Assign Phytoplankton Group to Scientific Names
Source:R/worms_api_functions.R
assign_phytoplankton_group.Rd
This function assigns default phytoplankton groups (Diatoms, Dinoflagellates, Cyanobacteria, or Other)
to a list of scientific names or Aphia IDs by retrieving species information from the
World Register of Marine Species (WoRMS). The function checks both Aphia IDs and scientific names,
handles missing records, and assigns the appropriate plankton group based on taxonomic classification in WoRMS.
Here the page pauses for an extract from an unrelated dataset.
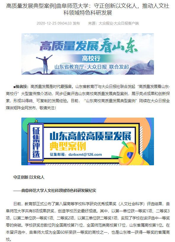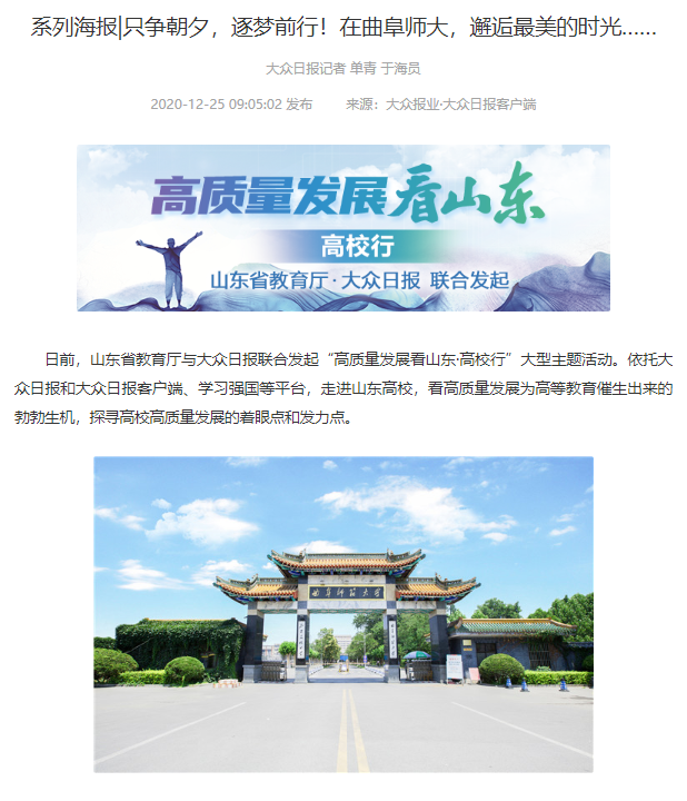 大众日报连续七篇报道!曲阜师大用高质量发展交出亮眼成绩单!

Additionally, custom plankton groups can be specified using the custom_groups
parameter,
allowing users to define additional classifications based on specific taxonomic criteria.
Usage
assign_phytoplankton_group(
scientific_names,
aphia_ids = NULL,
diatom_class = c("Bacillariophyceae", "Coscinodiscophyceae", "Mediophyceae",
"Diatomophyceae"),
dinoflagellate_class = "Dinophyceae",
cyanobacteria_class = "Cyanophyceae",
cyanobacteria_phylum = "Cyanobacteria",
match_first_word = TRUE,
marine_only = FALSE,
return_class = FALSE,
custom_groups = list(),
verbose = TRUE
)
Arguments
- scientific_names
A character vector of scientific names of marine species.
- aphia_ids
A numeric vector of Aphia IDs corresponding to the scientific names. If provided, it improves the accuracy and speed of the matching process. The length of
aphia_ids
must match the length ofscientific_names
. Defaults toNULL
, in which case the function will attempt to assign plankton groups based only on the scientific names.- diatom_class
A character string or vector representing the diatom class. Default is "Bacillariophyceae", "Coscinodiscophyceae" and "Mediophyceae".
- dinoflagellate_class
A character string or vector representing the dinoflagellate class. Default is "Dinophyceae".
- cyanobacteria_class
A character string or vector representing the cyanobacteria class. Default is "Cyanophyceae".
- cyanobacteria_phylum
A character string or vector representing the cyanobacteria phylum. Default is "Cyanobacteria".
- match_first_word
A logical value indicating whether to match the first word of the scientific name if the Aphia ID is missing. Default is TRUE.
- marine_only
A logical value indicating whether to restrict the results to marine taxa only. Default is
FALSE
.- return_class
A logical value indicating whether to include class information in the result. Default is
FALSE
.- custom_groups
A named list of additional custom plankton groups (optional). The names of the list correspond to the custom group names (e.g., "Cryptophytes"), and the values should be character vectors specifying one or more of the following taxonomic levels:
phylum
,class
,order
,family
,genus
, orscientific_name
. For example:list("Green Algae" = list(class = c("Chlorophyceae", "Ulvophyceae")))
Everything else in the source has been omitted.